A recent study has shed light on the promising long-term benefits of Middle Ear Pressure Therapy (MEPT) utilizing the EFET01 device in patients diagnosed with Ménière’s disease (MD) and delayed endolymphatic hydrops (DEH) in Japan. The investigation aimed to evaluate the effects of MEPT over two years in reducing vertigo attacks and improving hearing in individuals with MD and DEH. This study was published in Acta Oto-Laryngologica journal by Do Tram Anh and colleagues.

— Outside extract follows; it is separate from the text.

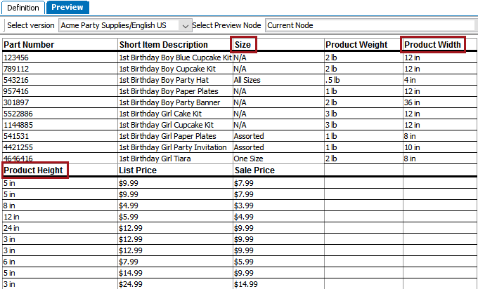 The 'Dimensions' column type is used in three places in the table. The attributes used for the 'Dimensions' column are Size, Product Width, and Product Height.
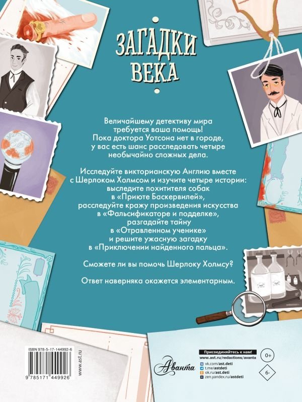 "Загадки века. Шерлок Холмс ведёт расследование" — великолепная книга-игра, в которой читателю предстоит примерить на себя роль помощника самого знаменитого сыщика всех времён, Шерлока Холмса. Четыре загадочных и громких дела позволят с головой погрузиться в детективный мир. По мере прохождения каждой истории читатель будет изучать улики, газетные статьи, всевозможные записки и письма, а в конце, сложив все полученные данные, сможет вынести вердикт и раскрыть дело.

Conducted retrospectively from December 2018 to April 2021, the study included 32 MD patients and 2 DEH patients who underwent MEPT with the EFET01 device. Patients were assessed based on the Japan Society for Equilibrium Research (JSER) guidelines, tracking the frequency of vertigo attacks and changes in hearing levels for 6 months before treatment initiation up to 18–24 months post-treatment.

The results revealed significant reductions in the frequency of vertigo attacks in both MD and DEH patients following MEPT. Furthermore, the study noted a sustained stability in hearing levels for the majority of patients post-treatment.

The findings underscore the efficacy of MEPT utilizing the EFET01 device in effectively managing vertigo symptoms associated with MD and DEH. The therapy showcased its potential as a safe and beneficial option, especially for patients who had not responded well to conventional medical treatments.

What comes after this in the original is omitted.